No one had Utah at the top of the table. Not one person. A team that was 12th a year ago, had only six wins, and was hardly on the radar at the preseason, is now nine games deep and is the top team. If that was on your bingo card, you are lying.
The Twist: Utah Royals Are Not Going to Quit
Caution is duly given to the fact that Utah has had only one real test against a playoff-calibre opponent, a 1-1 draw with Washington back in March, and the first to admit that the coach is Jimmy Coenraets. But you can beat what you see, and Utah has been doing just that with a mercilessness no one ever expected. Mandy McGlynn, who is a goalkeeper, has five consecutive clean sheets. Mina Tanaka is playing midfield strings. The back line has had 468 minutes of no goals. They have to play Portland in the lead-up to the World Cup break – that game will tell us all that we need to know.
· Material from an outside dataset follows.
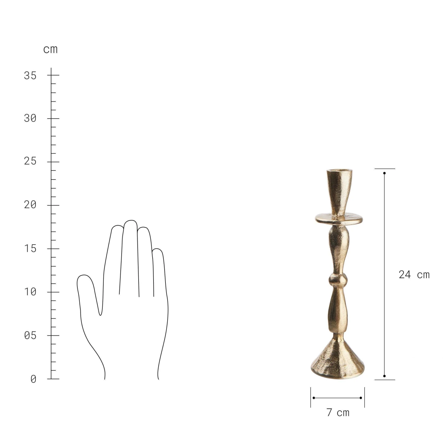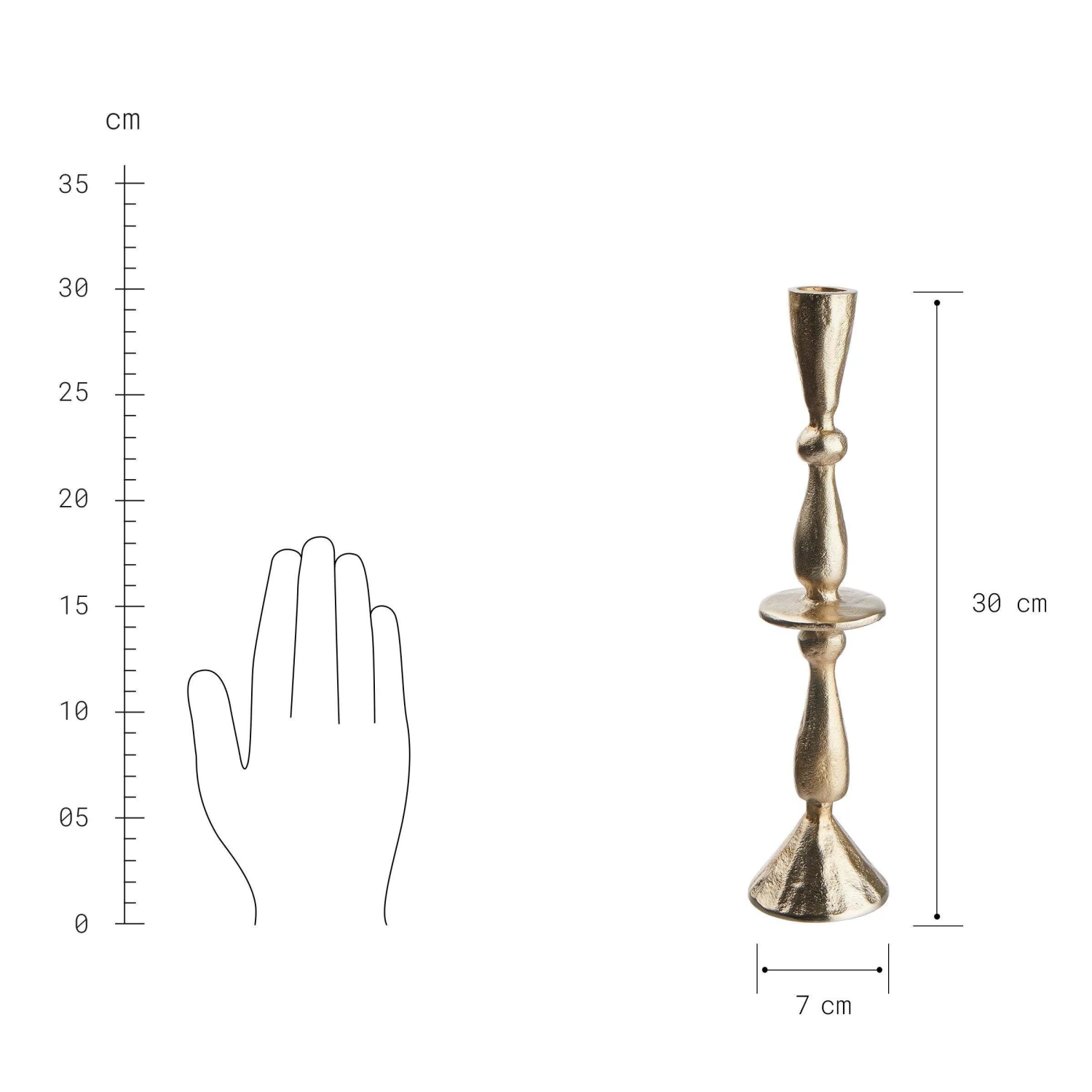 Was für ein Statement: Mit dem kunstvollen 2-teiligen Boho Love Kerzenhalter-Set aus goldfarbenem Aluminium ist Ihr Zuhause im angesagten Boho-Style um eine echte Sehenswürdigkeit reicher. Seine Oberfläche ist leicht uneben, und auch seine besondere Form wirkt wie von Hand gearbeitet. Dieses Design verfehlt auch auf dem opulent gedeckten Tisch seine Wirkung nicht.

Fading Famous: Kansas City Ugly Hangover

It was a year ago that Kansas City was unbeatable, 21wins, 65 points, and the Shield was secured with five games to go. The biggest regular season in the history of NWSL. Then, Gotham got rid of them in the quarterfinals, the coach went upstairs, and 2026 has served as a wakeup call. Three defeats during their first four games. The machine that hummed so fine around Temwa Chawinga is clumsy and uncomfortable. She is still Chawinga–she will always be Chawinga–but the machine about her is in desperate need of attention. Kansas City is not over, yet its halo is lost.
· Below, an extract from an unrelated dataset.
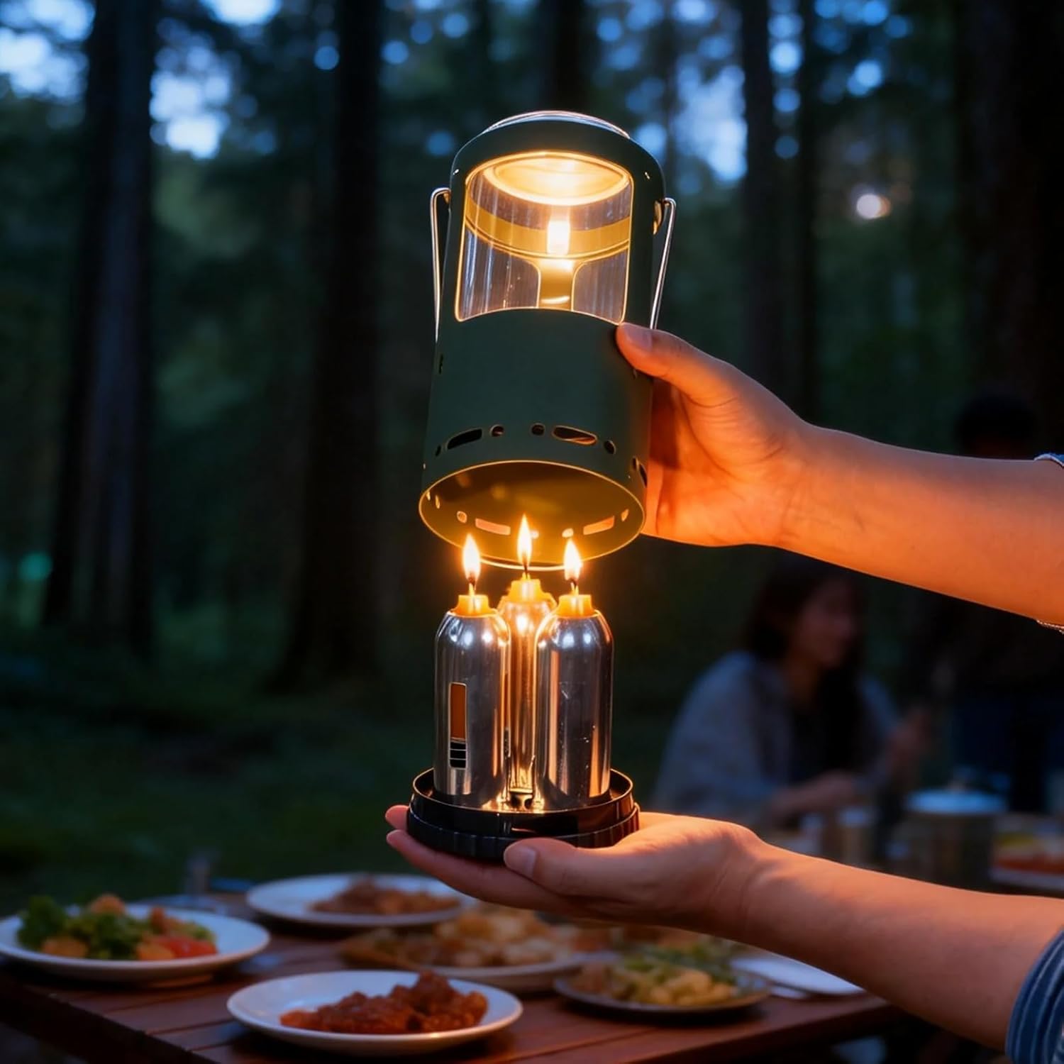Heat Shield Function: Features a built-in heat shield to warm small amounts of water or food—simply place a mug or small pot on top while enjoying steady ambient light

The Expansion Story: Denver Summit Is Indeed Good
Expansion teams are to suffer. Denver Summit didn’t read that memo. They are comfortably placed in the mid table, they have just won their first home win in history, and a player in them, Janine Sonis, who is gradually making a name. The Canadian international scored in consecutive matches, including a brace against Houston, and is just the type of seasoned and gritty leader a new team requires until it settles in. No one anticipated Denver to be this competitive that fast. They are.
The Gut-Punch: Jasmine Aikey Never Got Her Chance

This one stings. Jasmine Aikey came to Denver Summit as the most hyped rookie in the league – MAC Hermann Trophy winner, 21 goals her last season at Stanford, the type of player that only once every ten years you find. Five days before the home opener, she tore her ACL in her right knee during a U.S. Under-23 camp. Season-ending injury list. Concluded before she had played even a minute as a professional.
She attended the home opener, four days later, four days after the surgery, and sat in the stands. You toil so much to get certain things, and you are a bit like– oh, I never even had a chance to play a game yet, I told you, I never had a game yet. A player that fine, deprived of her debut season even before it began. NWSL is no big watch to it – and Denver will be clamoring to have her back in 2027.
The Bigger Picture
Second and dangerous is Portland. Washington reclaimed Trinity Rodman and is appearing as a real competitor. Gotham- just as usual, quiet of course- is unbeaten in five and prowling precisely as they were the day they won the whole thing last November. Meanwhile, Racing Louisville, who are considered the dark horses, have already managed to lose as much money as they did last year.
There are still two-thirds of a season to play. That is nearly a lifetime in this league. Hold onto your predictions loosely.